MATERIAL FOR THIS TASK >>
§ §
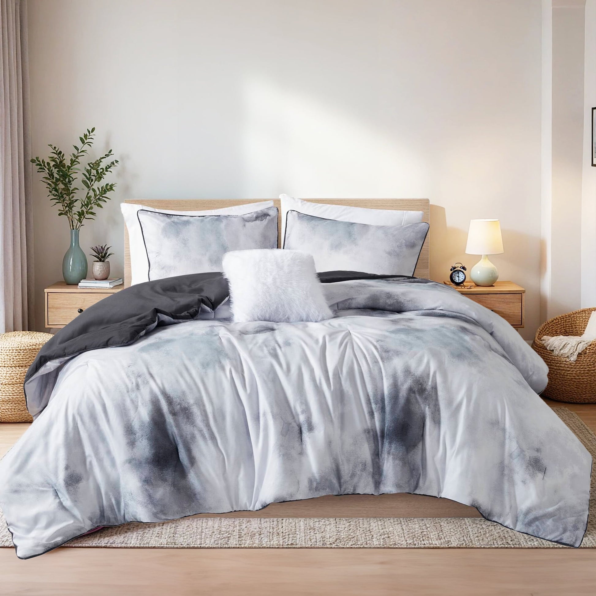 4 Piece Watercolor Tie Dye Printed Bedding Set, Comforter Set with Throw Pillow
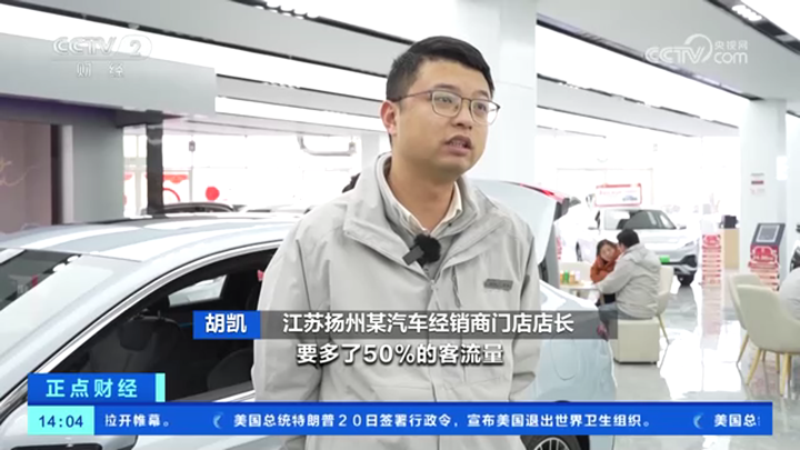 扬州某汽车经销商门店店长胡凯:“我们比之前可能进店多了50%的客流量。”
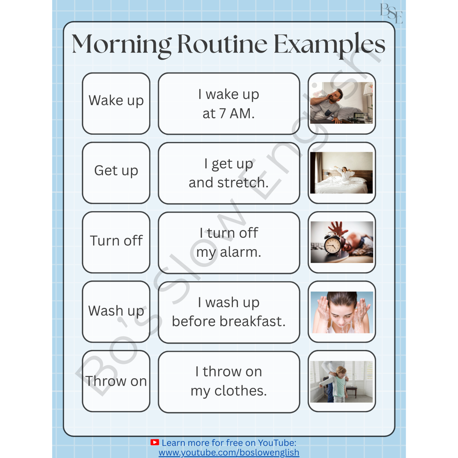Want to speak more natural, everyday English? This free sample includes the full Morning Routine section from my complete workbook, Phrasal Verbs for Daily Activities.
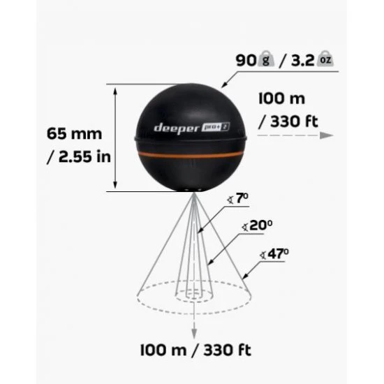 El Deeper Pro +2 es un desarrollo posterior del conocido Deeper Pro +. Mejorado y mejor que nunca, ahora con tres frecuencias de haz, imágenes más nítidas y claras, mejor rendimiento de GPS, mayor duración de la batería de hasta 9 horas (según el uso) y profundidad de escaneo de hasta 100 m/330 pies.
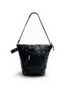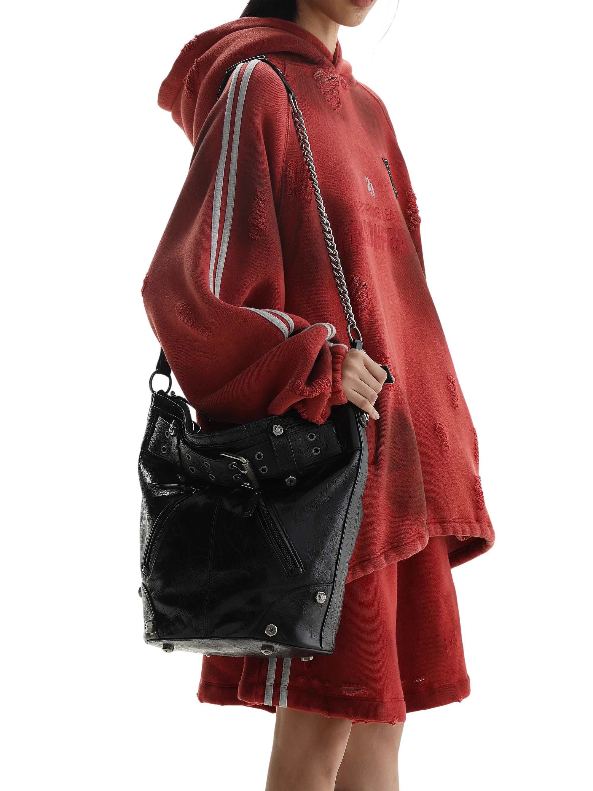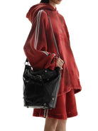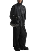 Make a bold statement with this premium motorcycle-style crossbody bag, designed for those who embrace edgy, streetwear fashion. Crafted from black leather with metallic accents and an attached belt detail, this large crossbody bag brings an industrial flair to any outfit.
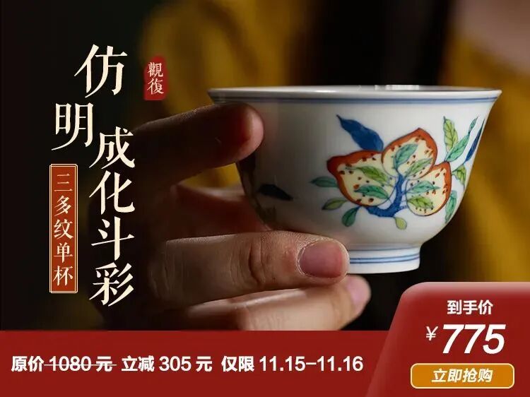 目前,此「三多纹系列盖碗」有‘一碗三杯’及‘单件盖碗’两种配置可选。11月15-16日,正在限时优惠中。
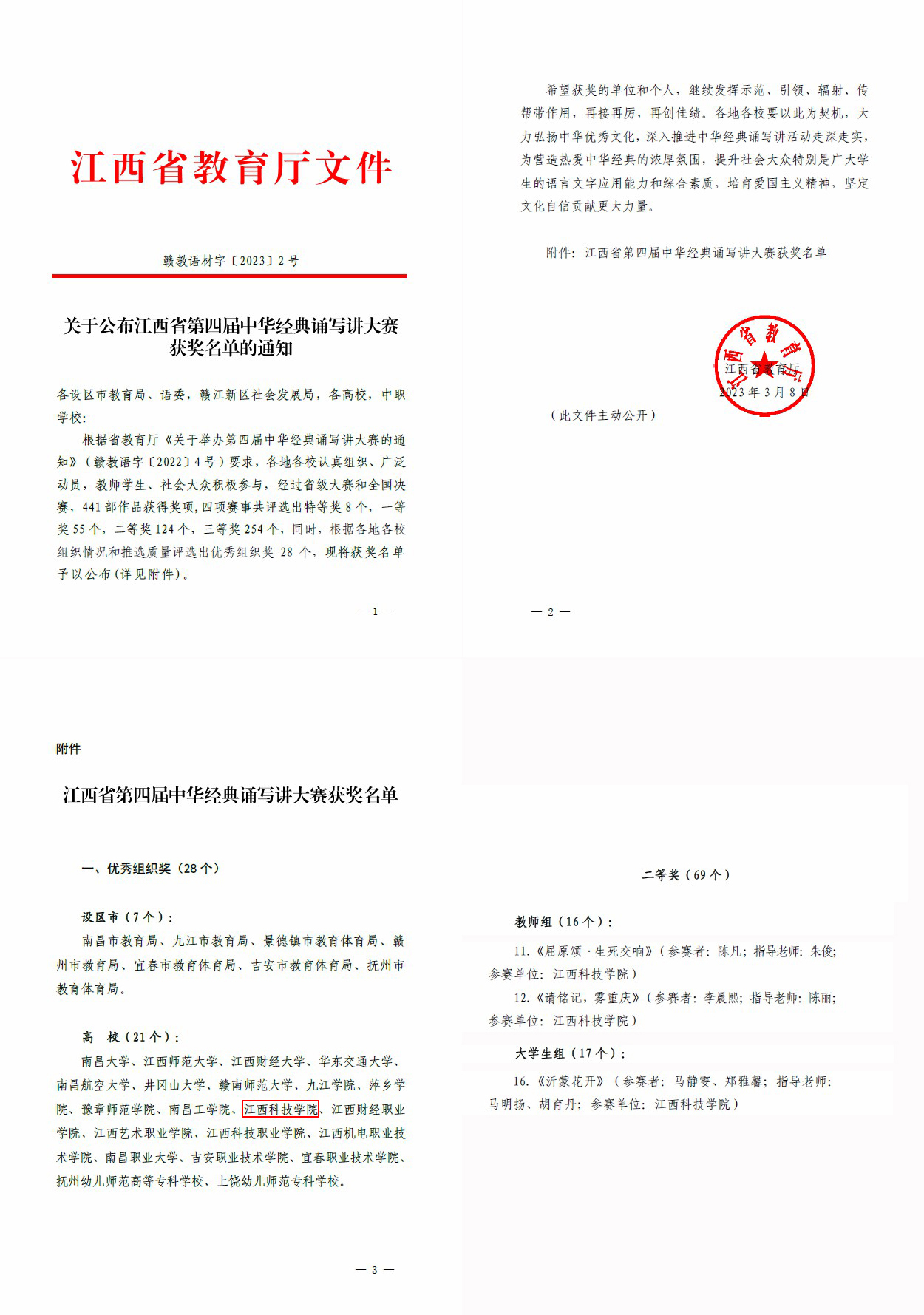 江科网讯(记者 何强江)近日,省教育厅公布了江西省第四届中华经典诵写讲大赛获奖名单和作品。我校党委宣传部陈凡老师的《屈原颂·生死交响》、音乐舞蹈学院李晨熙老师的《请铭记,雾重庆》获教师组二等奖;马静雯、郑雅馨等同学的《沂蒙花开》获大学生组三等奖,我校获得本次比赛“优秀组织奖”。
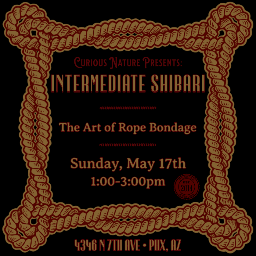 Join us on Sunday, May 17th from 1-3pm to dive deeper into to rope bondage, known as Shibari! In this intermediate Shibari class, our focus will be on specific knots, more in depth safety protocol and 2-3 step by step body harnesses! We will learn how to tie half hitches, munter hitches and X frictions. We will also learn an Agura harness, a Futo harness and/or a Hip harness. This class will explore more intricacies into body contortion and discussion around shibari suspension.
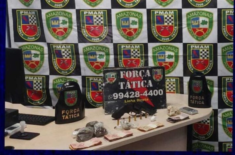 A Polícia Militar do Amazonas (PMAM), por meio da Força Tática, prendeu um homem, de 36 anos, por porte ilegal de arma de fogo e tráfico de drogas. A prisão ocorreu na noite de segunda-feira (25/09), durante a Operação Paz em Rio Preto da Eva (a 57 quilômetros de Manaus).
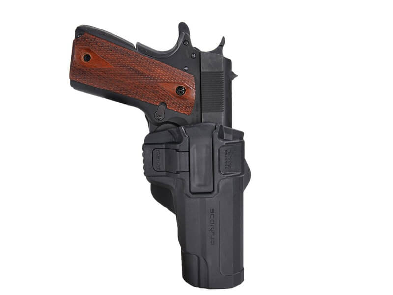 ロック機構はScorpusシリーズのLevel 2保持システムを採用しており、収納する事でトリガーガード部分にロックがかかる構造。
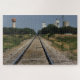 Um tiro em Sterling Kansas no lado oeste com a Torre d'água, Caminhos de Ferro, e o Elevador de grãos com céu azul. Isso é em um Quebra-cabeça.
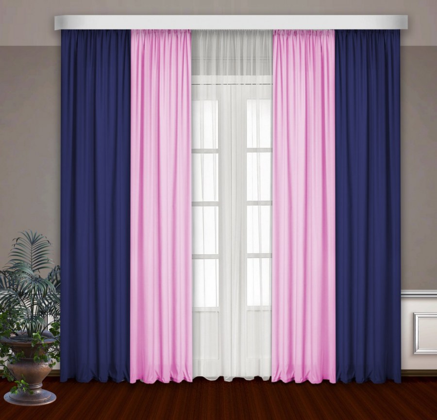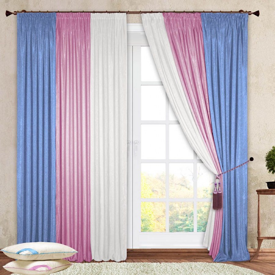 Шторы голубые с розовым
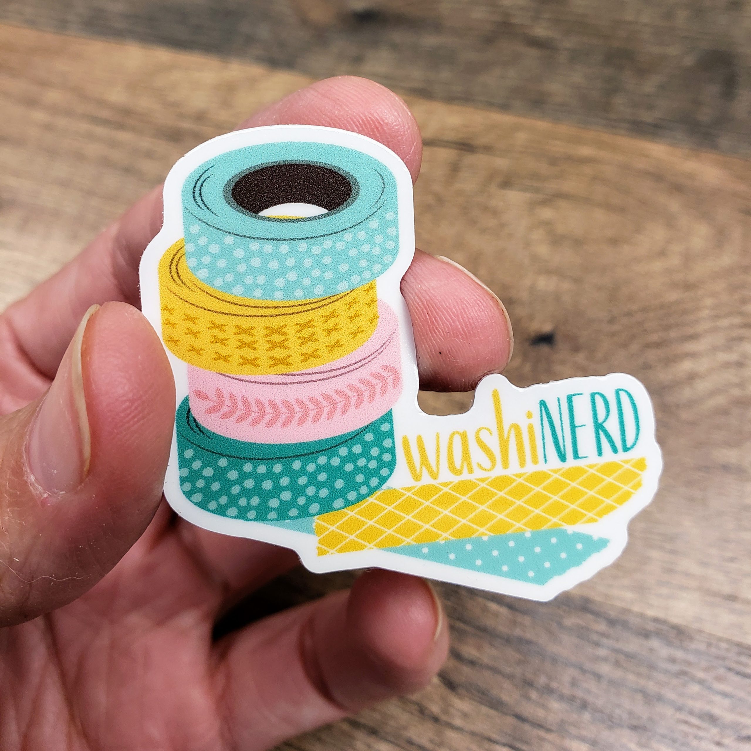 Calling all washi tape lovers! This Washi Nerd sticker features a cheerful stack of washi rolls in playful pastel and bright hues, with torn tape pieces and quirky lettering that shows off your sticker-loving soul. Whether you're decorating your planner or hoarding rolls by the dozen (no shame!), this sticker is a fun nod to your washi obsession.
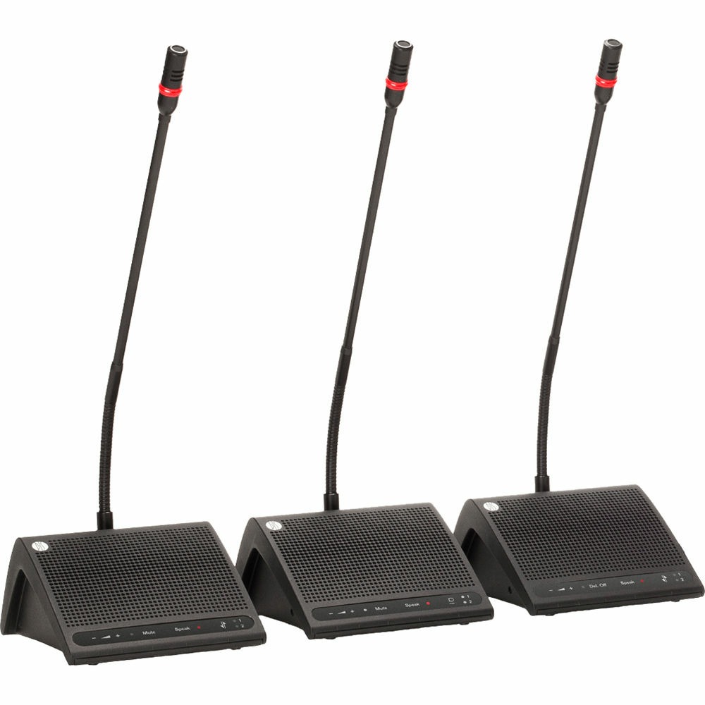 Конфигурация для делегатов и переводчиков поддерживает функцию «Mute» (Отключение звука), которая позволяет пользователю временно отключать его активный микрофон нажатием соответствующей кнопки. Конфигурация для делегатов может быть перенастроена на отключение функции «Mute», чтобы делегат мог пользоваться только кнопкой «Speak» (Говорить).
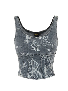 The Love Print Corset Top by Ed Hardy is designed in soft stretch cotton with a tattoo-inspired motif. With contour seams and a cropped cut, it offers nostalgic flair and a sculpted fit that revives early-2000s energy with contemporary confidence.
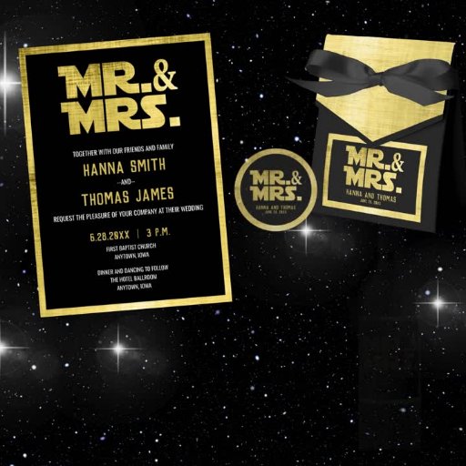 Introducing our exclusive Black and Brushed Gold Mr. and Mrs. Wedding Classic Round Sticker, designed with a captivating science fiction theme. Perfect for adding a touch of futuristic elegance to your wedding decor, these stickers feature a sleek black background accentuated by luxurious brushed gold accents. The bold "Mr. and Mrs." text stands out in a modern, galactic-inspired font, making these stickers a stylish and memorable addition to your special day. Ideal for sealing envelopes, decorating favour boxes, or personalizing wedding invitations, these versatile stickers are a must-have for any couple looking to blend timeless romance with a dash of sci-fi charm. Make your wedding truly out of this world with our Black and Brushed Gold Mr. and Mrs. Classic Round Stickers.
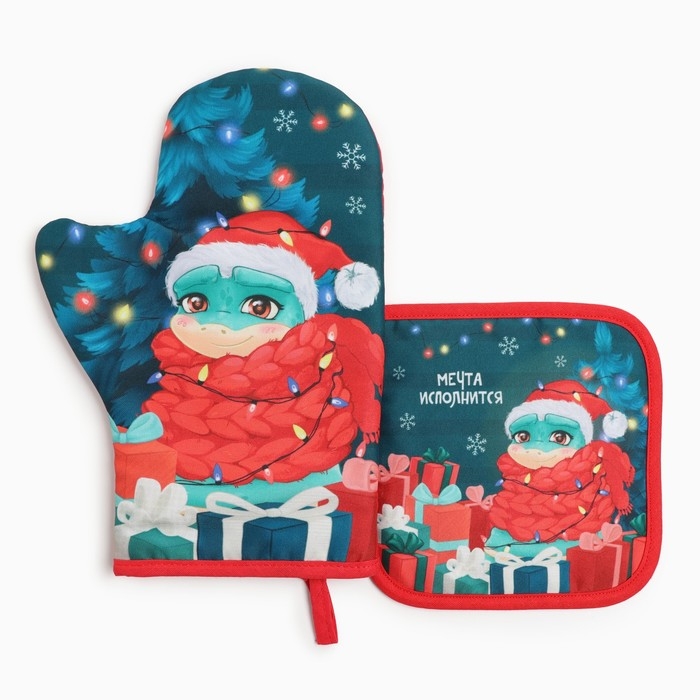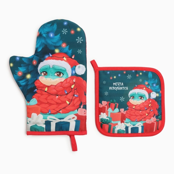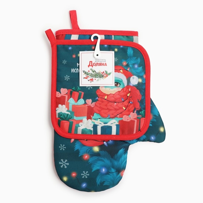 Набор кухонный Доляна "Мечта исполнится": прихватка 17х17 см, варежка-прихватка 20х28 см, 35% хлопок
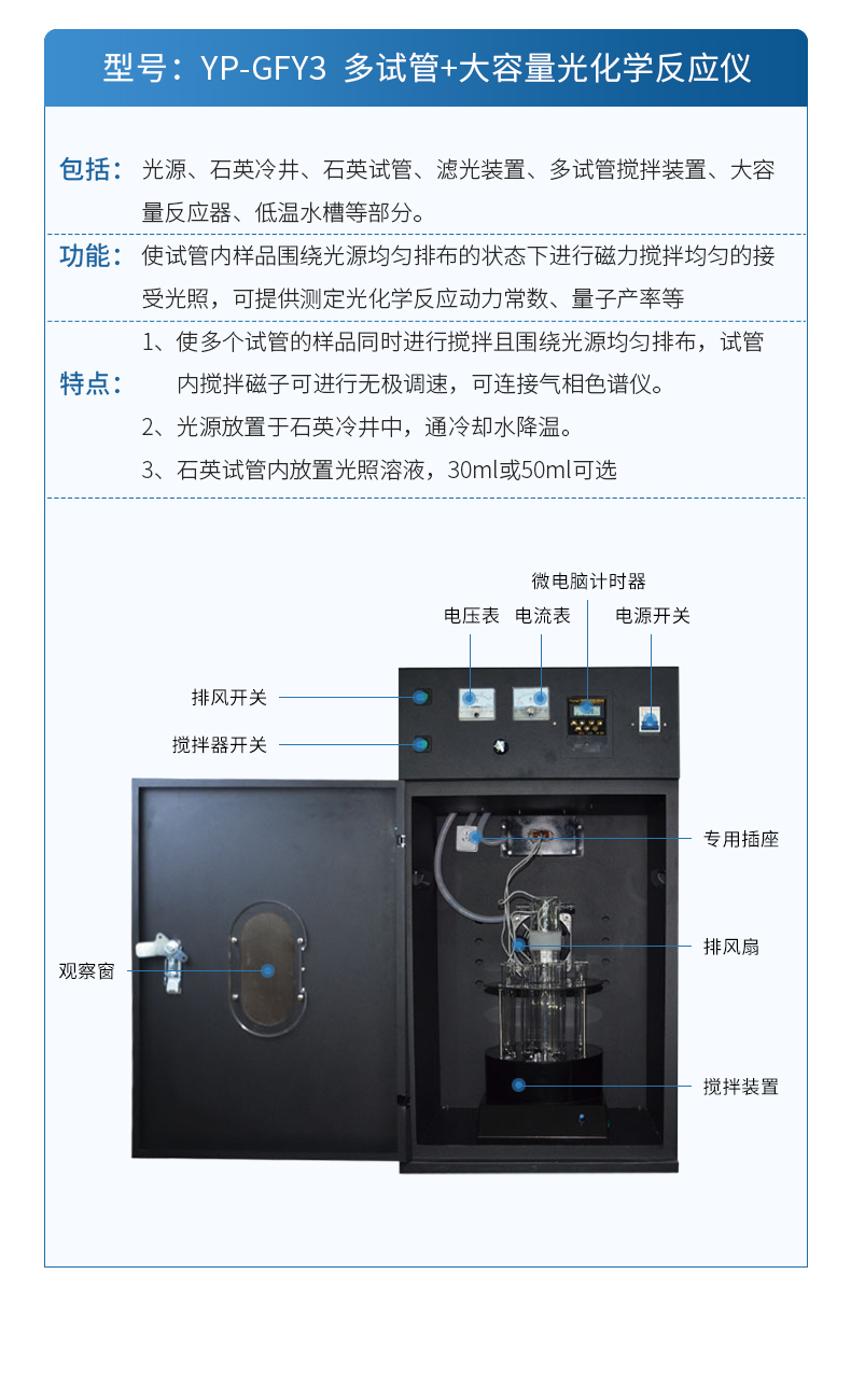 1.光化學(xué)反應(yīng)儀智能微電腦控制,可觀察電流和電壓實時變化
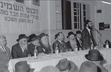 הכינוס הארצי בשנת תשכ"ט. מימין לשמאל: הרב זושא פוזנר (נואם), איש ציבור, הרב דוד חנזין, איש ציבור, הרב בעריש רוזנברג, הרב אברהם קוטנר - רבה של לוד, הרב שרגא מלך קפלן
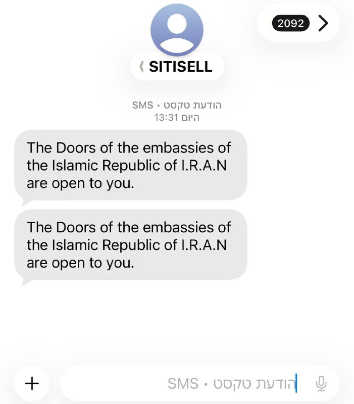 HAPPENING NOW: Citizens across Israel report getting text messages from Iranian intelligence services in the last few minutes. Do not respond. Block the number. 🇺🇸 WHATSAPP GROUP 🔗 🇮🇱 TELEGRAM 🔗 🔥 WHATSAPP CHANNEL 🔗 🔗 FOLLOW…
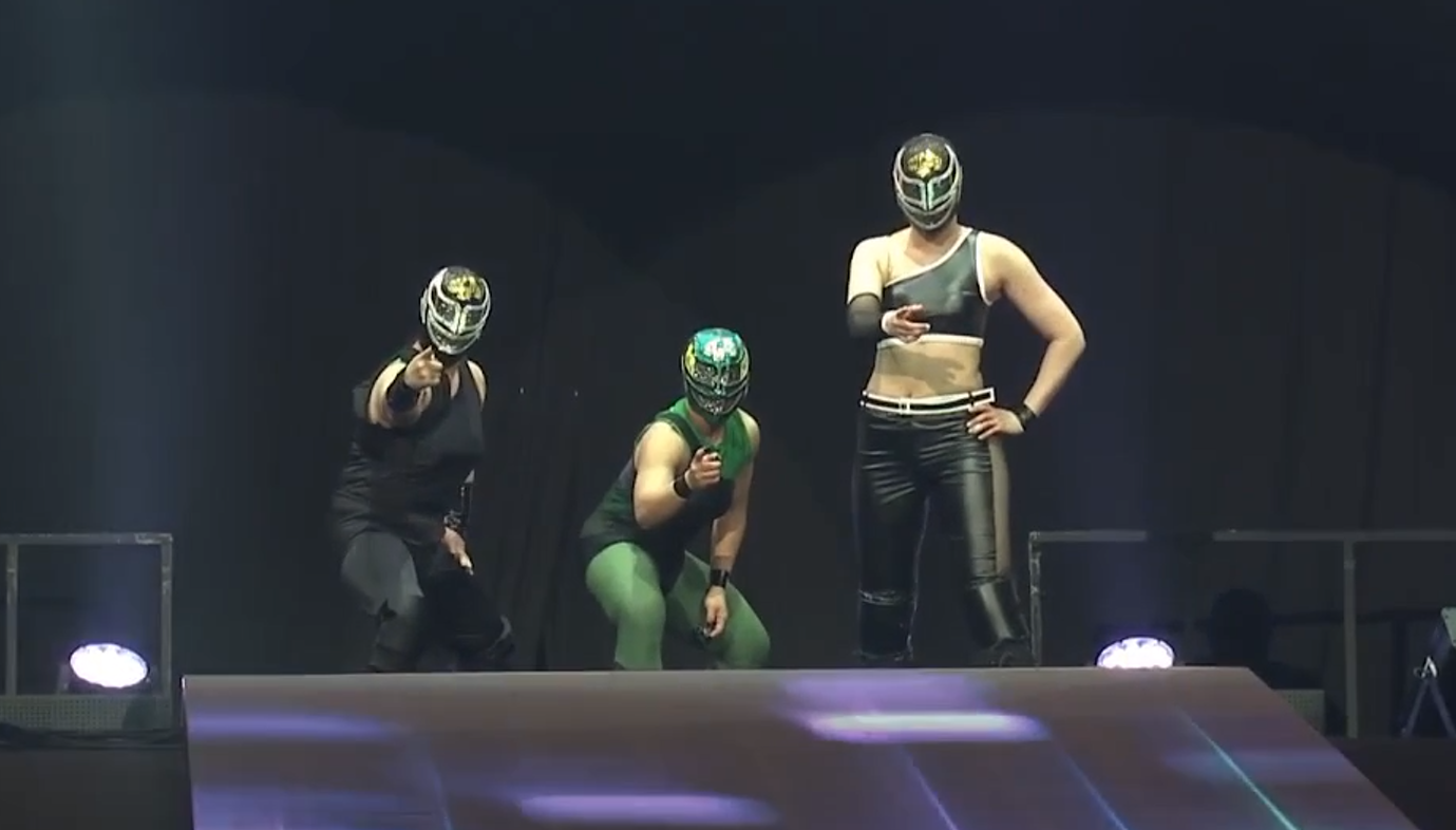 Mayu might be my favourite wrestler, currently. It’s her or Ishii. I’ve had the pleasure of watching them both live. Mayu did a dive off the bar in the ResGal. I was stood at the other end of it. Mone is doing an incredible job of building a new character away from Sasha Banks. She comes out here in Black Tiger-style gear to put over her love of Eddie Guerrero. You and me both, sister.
§ §
TASK TO COMPLETE >>
When copying from the data above, print only the lines from the line containing "Конфигурация для делегатов и" to the line containing "The Love Print", exactly, and leave the pictures out.

RESPONSE >>
 Конфигурация для делегатов и переводчиков поддерживает функцию «Mute» (Отключение звука), которая позволяет пользователю временно отключать его активный микрофон нажатием соответствующей кнопки. Конфигурация для делегатов может быть перенастроена на отключение функции «Mute», чтобы делегат мог пользоваться только кнопкой «Speak» (Говорить).
 The Love Print Corset Top by Ed Hardy is designed in soft stretch cotton with a tattoo-inspired motif. With contour seams and a cropped cut, it offers nostalgic flair and a sculpted fit that revives early-2000s energy with contemporary confidence.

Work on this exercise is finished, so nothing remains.